INDIANA – Seven percent of Hoosiers struggle to buy healthy food. Obstacles include a lack of money, low access and limited produce.  Efforts are underway in Hamilton County to overcome this issue.

Urban conservationist Claire Lane recognized a problem in her community.  She says some pantries are at the mercy of what gets donated, so it’s a lot of pasta and carbs and a lot of salt… a lot of kids or adults they might be obese and well- feed but they are eating the wrong things.

Lane works for the Hamilton County Soil and Water Conservation District and she recently received a fifty-thousand-dollar federal grant to get more fresh produce to people.

Her strategy?  – Focus on urban gardens. Find successful programs, see how they are able to make connections, break down the barriers to fresh food access and help others learn to grow.

One of the more successful programs in Hamilton County is at St. Christopher’s Episcopal Church in Carmel.

Vegetables are still growing on the vines in the community garden.

Parishioners like Wayne Gartner volunteer to grow the veggies that local food pantries need the most- things people are familiar with and can easily incorporate them into their meals – It’s been a productive year.
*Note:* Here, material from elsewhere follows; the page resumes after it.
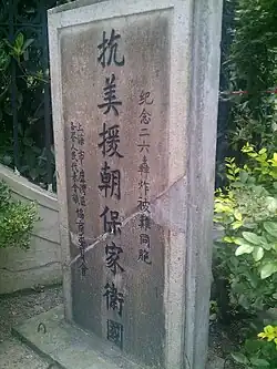 To commemorate the 26 February bombing, on the anniversary of the attack, the Luwan District government of Shanghai funded the creation of the "Shanghai 26 February bombing Memorial" under the name "Memorial Service for the People Who Died in the 26 February bombing." However, due to restrictions imposed by the local traffic management authorities, the memorial stone could not be placed near the bombing site. It wasn't until 1952, after proposals by Huang Yuanqing and Lu Agen, and approval by the second People's Representative Assembly of Shanghai (the predecessor to the Shanghai CPPCC), that the memorial was finally erected within a bamboo fence at 458–468 Xujiahui Road.[31]: 3 During the Korean War, the front of the monument featured the words "Resist America, Aid Korea, Protect the Homeland," while the back carried a 300-character inscription commemorating the victims of the bombing. The memorial was destroyed during the Cultural Revolution but was later repaired, though it fell into disrepair over time.[32] It has since been listed as an immovable cultural heritage site in the third national cultural heritage survey.[33]

But conservationist Claire Lane says there’s more to solving this problem than planting seeds.

hey’re strapped for volunteers, the people they have are working really hard and devoting a lot of time and they don’t have the time to make these connections.

She says if the pantry’s pick up day is Wednesday and the garden is delivering on Thursday that food doesn’t keep till next week.

Lane hopes to be able to bridge these gaps and her solutions are representative of a trend in fighting Indiana’s food deserts.

Feeding Indiana’s Hungry Executive Director, Emily Weikert Bryant says healthy food access is a concern for many of the clients they serve.

In recent years, food networks and federal food programs have expanded farm to pantry programs and other ways to get fresh produce onto people’s plates because there is such a need.

At Merciful Help Center food pantry in Hamilton county – more than 100,000 people are served every year.  St. Christopher’s is already providing the pantry with fresh produce and they’re not the only one says Director Jane Slaton.

The Merciful pantry has a volunteer dietician who has created a point scale to determine healthfulness and distributes recipes to show people how to use fruits and veggies they aren’t familiar with…. like turnips.

Food and garden education, better communication between farm and pantry – this is the new face in the fight against food insecurity in Indiana.